**What is needed:**
Would you write out the listing verbatim and skip every picture in it?

Information supplied section start

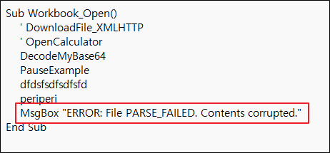 <그림 3>은 내장된 매크로 코드로 실행 시 의도적으로 에러 메시지 창을 띄우는 것을 알 수 있다.
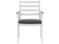 Juego de sillas de exterior. Disfruta de tu área de descanso al aire libre con este conjunto de 4 sillas de jardín. Están fabricadas a partir de aluminio con un recubrimiento en polvo para mayor durabilidad. El respaldo de listones aporta un toque escandinavo. Los reposabrazos están revestidos de madera sintética que protege del frío e introduce un poco de contraste. Incluye cojines de asiento a juego. Detalles: Tipo de Producto: Silla de jardín Estilo: Escandinavo Color: Blanco Tonalidad: Gris oscuro Tipo de material: Metal Material principal: Aluminio Material adicional: Madera plástica Material de las patas: Metal Material del asiento: Tejido Composición del Material: 100% Poliéster Apoyabrazo: Sí Acabado: Revestimiento en polvo Plegable: No Densidad de espuma del asiento: 14 kg/m3 Apilable: No Dimensiones: Altura del apoyabrazos: 63 cm Profundidad: 60 cm Espesor del asiento: 5 cm Altura del asiento: 40 cm Ancho: 54 cm Altura: 82 cm Superficie del asiento: 45×50 cm Peso: 5 kg Capacidad de peso: 150 kg La oferta incluye: 4 x Silla, 4 x Cojín del asiento Ventajas: Las tiras ofrecen una fijación segura, Cojines muy cómodos para un confort ideal, Estilo escandinavo minimalista, Robusto marco resistente a la corrosión, Resistencia UV 4 (ISO 105-B02, Patas con tapas anti-deslizantes Información de montaje: Requiere montaje completo. 45-60 min. Texto de resistencia: Gracias al acabado especial, la superficie del producto es resistente a la oxidación. Esto significa que se puede utilizar en exteriores. Cuando el producto no esté en uso, se recomienda cubrirlo con una cubierta o colocarlo en un lugar seco. Resistencia: Intemperie Consejos de mantenimiento: Aluminio: 1.Fuera de temporada, utilice una funda protectora o guarde los muebles en un lugar fresco y seco 2.Limpiar con agua jabonosa y detergentes suaves. Quitar el polvo con un paño suave. Poliéster: 1.No secar en secadora ni planchar 2.Lavar a mano únicamente, usar agua fría y un detergente suave 3.Cuando no esté en uso, manténgalo en un lugar limpio y seco para protegerlo de las condiciones atmosféricas.
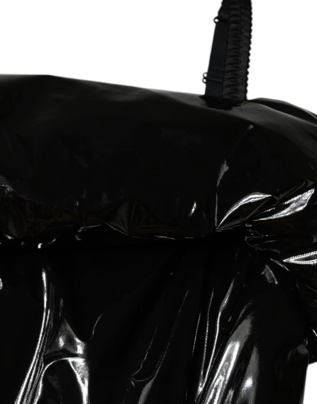 Dolce & Gabbana Black Polyester Ruched Coated Mini Dress

Information supplied section end

**Reply to the exercise:**
 <그림 3>은 내장된 매크로 코드로 실행 시 의도적으로 에러 메시지 창을 띄우는 것을 알 수 있다.
 Juego de sillas de exterior. Disfruta de tu área de descanso al aire libre con este conjunto de 4 sillas de jardín. Están fabricadas a partir de aluminio con un recubrimiento en polvo para mayor durabilidad. El respaldo de listones aporta un toque escandinavo. Los reposabrazos están revestidos de madera sintética que protege del frío e introduce un poco de contraste. Incluye cojines de asiento a juego. Detalles: Tipo de Producto: Silla de jardín Estilo: Escandinavo Color: Blanco Tonalidad: Gris oscuro Tipo de material: Metal Material principal: Aluminio Material adicional: Madera plástica Material de las patas: Metal Material del asiento: Tejido Composición del Material: 100% Poliéster Apoyabrazo: Sí Acabado: Revestimiento en polvo Plegable: No Densidad de espuma del asiento: 14 kg/m3 Apilable: No Dimensiones: Altura del apoyabrazos: 63 cm Profundidad: 60 cm Espesor del asiento: 5 cm Altura del asiento: 40 cm Ancho: 54 cm Altura: 82 cm Superficie del asiento: 45×50 cm Peso: 5 kg Capacidad de peso: 150 kg La oferta incluye: 4 x Silla, 4 x Cojín del asiento Ventajas: Las tiras ofrecen una fijación segura, Cojines muy cómodos para un confort ideal, Estilo escandinavo minimalista, Robusto marco resistente a la corrosión, Resistencia UV 4 (ISO 105-B02, Patas con tapas anti-deslizantes Información de montaje: Requiere montaje completo. 45-60 min. Texto de resistencia: Gracias al acabado especial, la superficie del producto es resistente a la oxidación. Esto significa que se puede utilizar en exteriores. Cuando el producto no esté en uso, se recomienda cubrirlo con una cubierta o colocarlo en un lugar seco. Resistencia: Intemperie Consejos de mantenimiento: Aluminio: 1.Fuera de temporada, utilice una funda protectora o guarde los muebles en un lugar fresco y seco 2.Limpiar con agua jabonosa y detergentes suaves. Quitar el polvo con un paño suave. Poliéster: 1.No secar en secadora ni planchar 2.Lavar a mano únicamente, usar agua fría y un detergente suave 3.Cuando no esté en uso, manténgalo en un lugar limpio y seco para protegerlo de las condiciones atmosféricas.
 Dolce & Gabbana Black Polyester Ruched Coated Mini Dress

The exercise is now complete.